TASK OBJECTIVE: I would like the lines below, from the one with "oil on canvas" through the one with "Κάθε κουμπί διαθέτει", copied exactly and without any pictures.

MATERIAL PROVIDED:
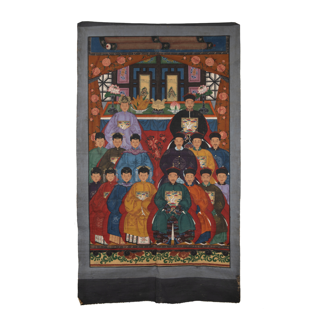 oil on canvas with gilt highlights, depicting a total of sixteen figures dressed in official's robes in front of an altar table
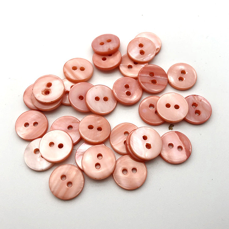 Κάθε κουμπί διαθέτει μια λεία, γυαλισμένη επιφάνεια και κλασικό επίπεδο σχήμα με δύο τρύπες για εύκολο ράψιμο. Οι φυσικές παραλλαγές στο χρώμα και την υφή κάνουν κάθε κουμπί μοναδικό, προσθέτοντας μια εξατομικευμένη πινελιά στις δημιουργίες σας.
---
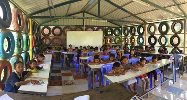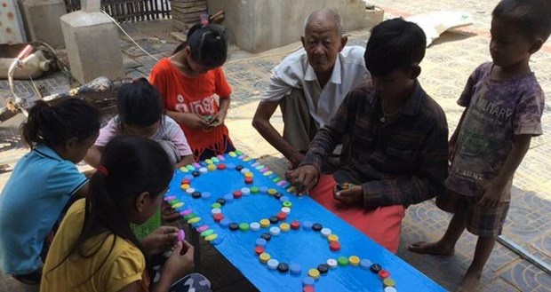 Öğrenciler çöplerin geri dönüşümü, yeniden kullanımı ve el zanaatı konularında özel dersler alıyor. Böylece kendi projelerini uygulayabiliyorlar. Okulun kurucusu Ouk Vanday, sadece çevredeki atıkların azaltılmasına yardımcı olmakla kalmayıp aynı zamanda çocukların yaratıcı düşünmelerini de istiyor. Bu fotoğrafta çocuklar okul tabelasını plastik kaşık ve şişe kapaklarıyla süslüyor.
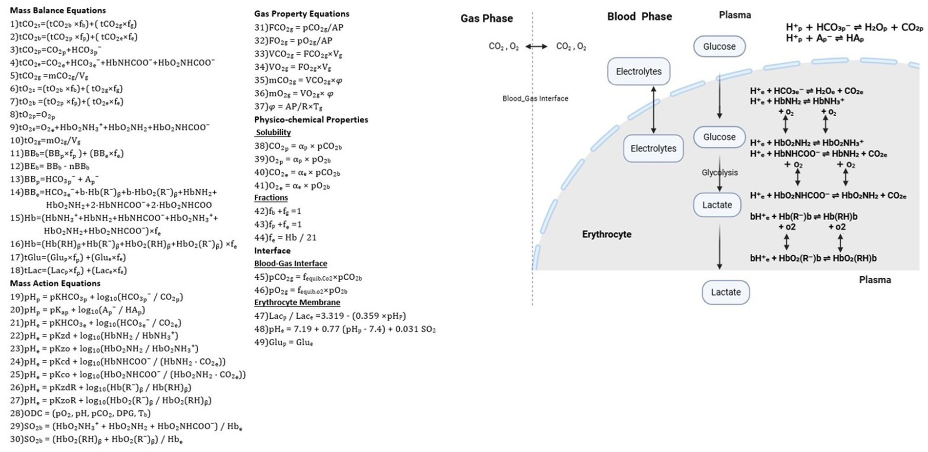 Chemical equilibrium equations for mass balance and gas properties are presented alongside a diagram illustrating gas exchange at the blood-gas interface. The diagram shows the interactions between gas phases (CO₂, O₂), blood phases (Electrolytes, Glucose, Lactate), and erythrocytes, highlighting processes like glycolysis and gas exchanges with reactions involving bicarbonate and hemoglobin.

TASK OUTPUT:
 oil on canvas with gilt highlights, depicting a total of sixteen figures dressed in official's robes in front of an altar table
 Κάθε κουμπί διαθέτει μια λεία, γυαλισμένη επιφάνεια και κλασικό επίπεδο σχήμα με δύο τρύπες για εύκολο ράψιμο. Οι φυσικές παραλλαγές στο χρώμα και την υφή κάνουν κάθε κουμπί μοναδικό, προσθέτοντας μια εξατομικευμένη πινελιά στις δημιουργίες σας.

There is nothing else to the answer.